Disused railway station in Killingworth, North Tyneside

Killingworth railway station served the town of Killingworth, Tyne and Wear, England from 1847 to 1965 on the East Coast Main Line.

== History ==
The station opened on 29 March 1847 by the York, Newcastle and Berwick Railway. The station was situated south of the level crossing on Killingworth Drive on the B1505. The location of the station was not convenient for the Killingworth village because it was 1 mi away but it gained a new source of passengers when the Newcastle races were transferred from Town Moor to Gosforth Park.

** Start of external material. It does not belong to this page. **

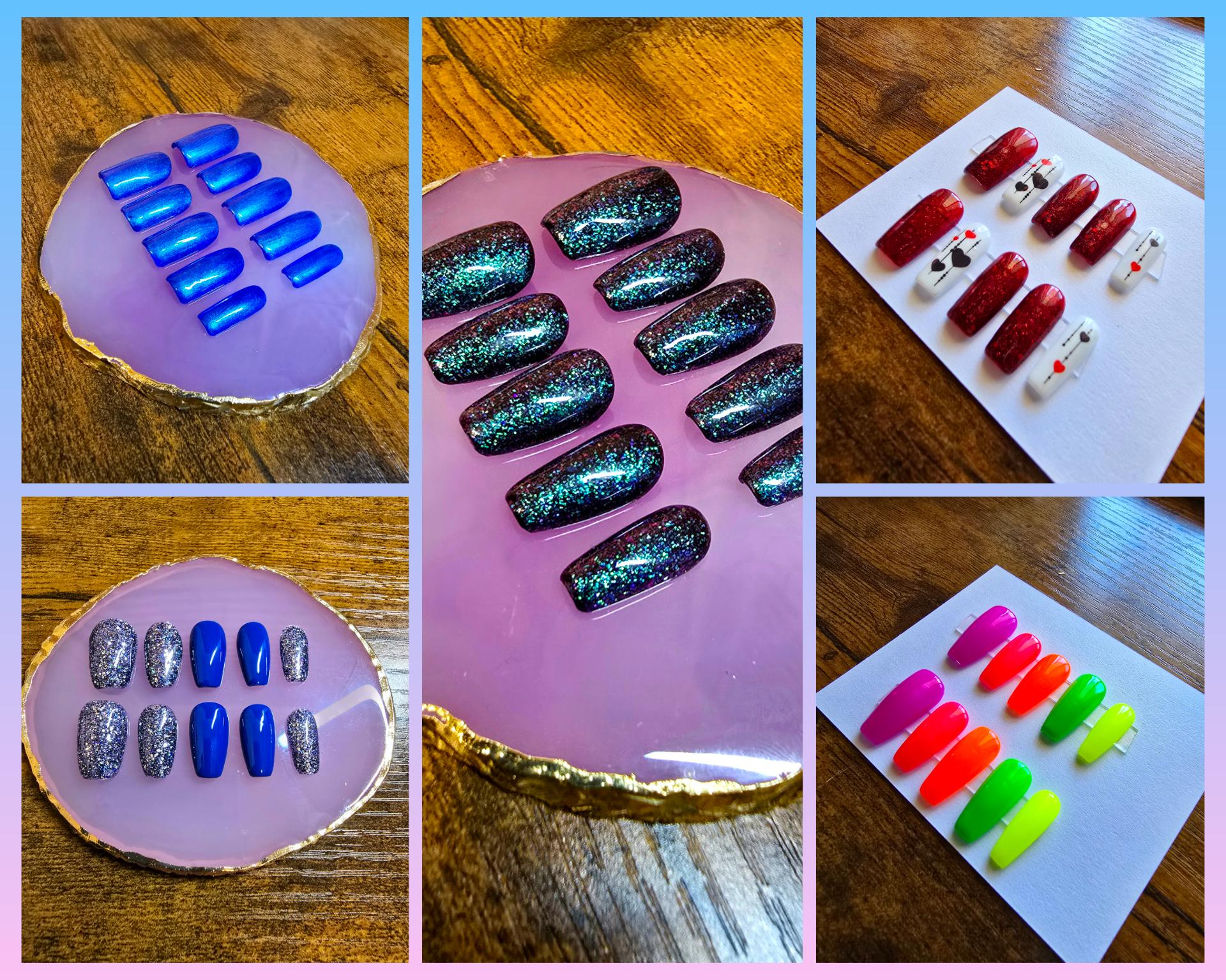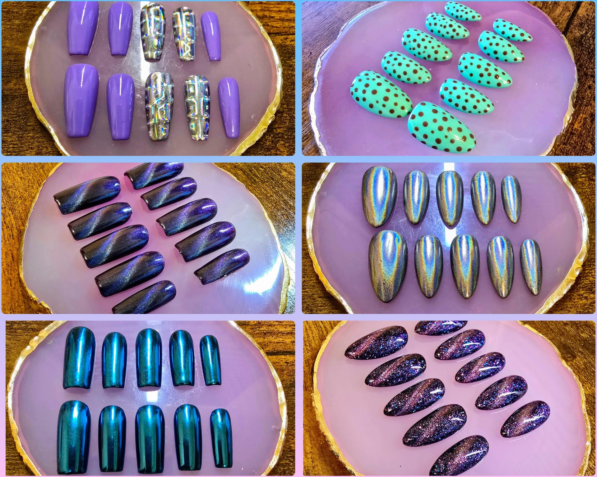 Mystery scoop press on nails set! I will scoop for your mystery nail set. Pictures listed will be the possible nail set you will receive. If there is a set you absolutely don't want, put in personalization box. Manicure pack included.

To cope with the additional traffic a separate island platform was opened from 1896 until 1959 served by trains on race meetings days only. From June 1954 the station was closed on Sunday and by summer 1958 there was only one train called in each direction on Monday to Friday, although there were two on Saturday. The station was one of ten to close on 15 September 1958 and closed completely on 7 June 1965 when goods traffic ceased.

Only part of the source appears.